When Clutter Is a Convenient Distraction

This week, I’m sharing an excerpt from my book What Your Clutter Is Trying to Tell You: Uncover the Message in the Mess and Reclaim Your Life. I have a sense the message might be just what you need. 

My client Samantha talked about putting her house on the market for months. She and her boyfriend had been dating long distance for two years and had decided to move in together, with Samantha relocating to his area. She loved where her boyfriend lived, and she sounded excited to make it her home.

She knew she needed to clean out the garage before she could list her house—her real estate agent had made that clear. She had twice rallied friends and family to help get the space organized, and each time they had made some real progress, yet the space had filled up again.

“It feels like I take one step forward and two steps back,” Samantha told me.

She and I talked about what kinds of things ended up back in the garage, making it cluttered again.

“Well, I let a friend put some boxes and lawn equipment in there, just for a few days, while he figures out what to do with it.”

The “few days” turned into two weeks.

I shifted the conversation and asked her to tell me about her plans for relocating. How did she feel about it? Was she ready for this next step in the relationship? What was it like to think about no longer living where she currently did?

She started with the expected answers about how much she loved her boyfriend, how she was excited about this new chapter, how she was stressed about the logistics of moving.

And then she mentioned it—the key to the clutter.

“I’m a little hesitant to be so far from my parents. They’re healthy and independent, but they’re no spring chickens.”

As we talked more about her parents and her relationship with them, I learned she was the child who tended to take charge and organize when they needed something.

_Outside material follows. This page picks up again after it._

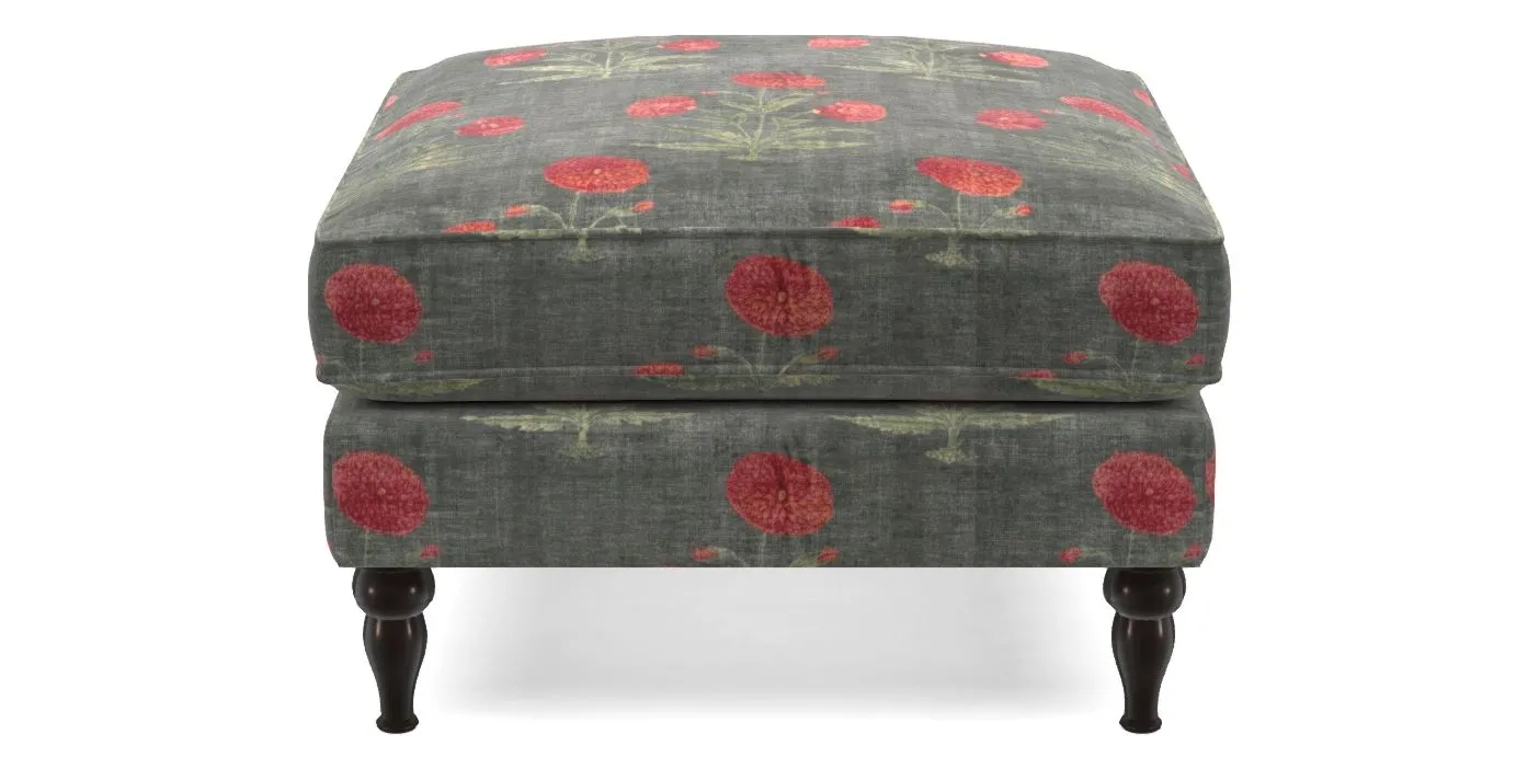 A square, deeply padded footstool with turned legs and castors, offering classic style with practicality. View other products in this range.

We spent the rest of our conversation brainstorming ideas on how she could still be intimately involved with their needs and care even from a distance. She talked to her siblings about her concern and asked for their help so they could all be more involved with their parents.

Once Samantha had that conversation and got support from her siblings, she couldn’t believe how much easier it became to clear out her garage.

It wasn’t about the items in the garage. The part of her that feared change kept filling up the space to make her stay put. Her inner critic was sabotaging her progress not because she didn’t want to move, but because there were unaddressed fears. When Samantha took the courageous step of asking her siblings for help, her critic felt supported and stepped aside as Samantha cleared the garage.

The combination of listening more deeply to what your soul is telling you and taking small steps to show there’s nothing to be afraid of are keys to clearing the clutter that keeps you stuck. But when you let the resistance prevent you from taking action, you’re telling your fear that it’s right, that it is best to stay stuck. You hand your power over to it and continue running on the hamster wheel of your life, exerting a lot of energy and getting nowhere.

The best way to handle your critic, no matter how persistent or bratty she gets, is with love and compassion. When you join forces instead of fighting against her, there’s no stopping you. You become a powerful team!

To best partner with your critic, focus on well-defined steps. “Winging it” doesn’t work for her. She is easily distracted, and therefore so are you. Eliminate as many distractions as possible and work within the parameters you set. To help her get comfortable with change, take things in super small steps.

If you find yourself procrastinating, break down the action you’re trying to do; chances are it’s still too big for your critic. She needs evidence that she’ll be safe to get on board, so don’t expect her to take big leaps out of the gate.

The other thing she needs is to feel heard — hence the persistent squawking. This part is key. If ever she feels dismissed or ignored, chaos ensues. This chaos can take many shapes — more clutter, a nasty head cold that knocks you down for a week, a distracted mind, aches and pains, a family member or friend telling you not to get rid of this or that, or a sexy invitation for the exact time you had scheduled your clutter clearing—anything that will stop you in your tracks and throw a wrench in your clutter-clearing plans so she can continue on her merry way and not have her status quo disrupted.

When you do finally settle in to tackle your first bit of clutter from this perspective, you’re likely going to feel a lot of pushback from her. Instead of ignoring it and diving in, take some time to acknowledge what’s coming up as you consider starting the sorting or clearing. The first clutter you may need to clear is your resistance. Sit with it. Journal about it. Speak to someone safe. Give it a voice. This is what helps her settle down. 

You may be the one doing the heavy lifting in the relationship, but that’s not to say you’re in charge all the time. You need each other. Your inner critic needs structure, commitment, and strategy, and you need her creativity, playfulness, and inquisitiveness, so when she’s raising the red flags, take a moment to acknowledge her. Doing so will make you much more successful in your clearing.

In fact, I suggest you make it a regular part of your clutter-clearing routine. Each time you get ready to sort physical clutter or take steps to address emotional clutter, take a couple of minutes to check in with your resistance and see what’s going on. Oftentimes, that check-in is all you need to remove the current block.